Task instructions> Reproduce nothing beyond the line containing "her babysitter quit?’". From the first line of the data below down to it, copy each line exactly, without the pictures.

==== Data below ====

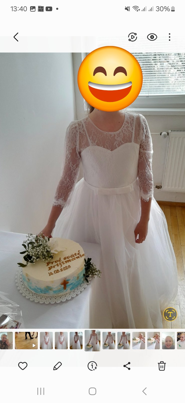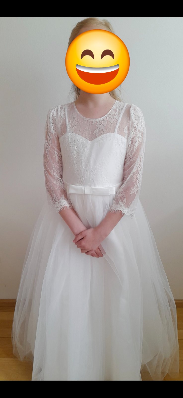 Kraaasne šaty na prvé sväté prijimanie, sú ako nove, raz použité, minulý rok. Spolu so spodničkou, 3/4 bolerkom a korunkou na vlasy bude Vaša dcérka ako skutočná princezna. Cena za komplet šaty, spodnička, bbolerkoa korunka 50Eur + poštovne. V ponuke mam aj lodicky na podpätku, veľkosť 37.
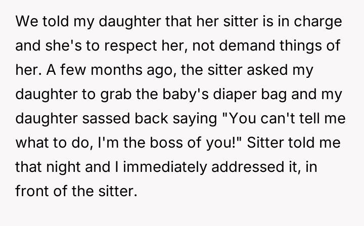 ‘AITA for telling my daughter it's her fault that her babysitter quit?’
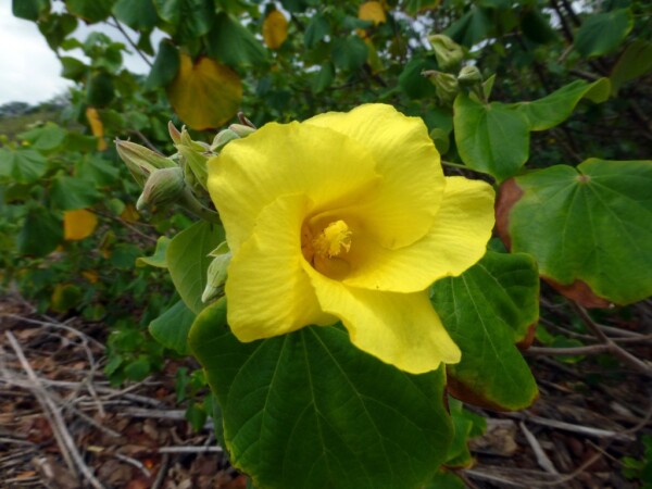 As folhas do Algodoeiro da Praia são grandes e de coloração verde intensa, complementando suas flores vibrantes. Por ser uma planta robusta, ela é capaz de se destacar tanto em jardins quanto em áreas maiores, como parques ou terrenos amplos.
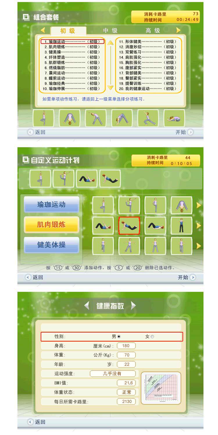产品因配置的内存大小不同,内置的舞曲多少不同,14首是512内存,310首是2G内存,以后在增加舞曲还会有4G的哦。其他游戏和瑜伽教程都是一样的,差别只是电视使用的时候的舞曲多少。

====

Response for this exercise>
 Kraaasne šaty na prvé sväté prijimanie, sú ako nove, raz použité, minulý rok. Spolu so spodničkou, 3/4 bolerkom a korunkou na vlasy bude Vaša dcérka ako skutočná princezna. Cena za komplet šaty, spodnička, bbolerkoa korunka 50Eur + poštovne. V ponuke mam aj lodicky na podpätku, veľkosť 37.
 ‘AITA for telling my daughter it's her fault that her babysitter quit?’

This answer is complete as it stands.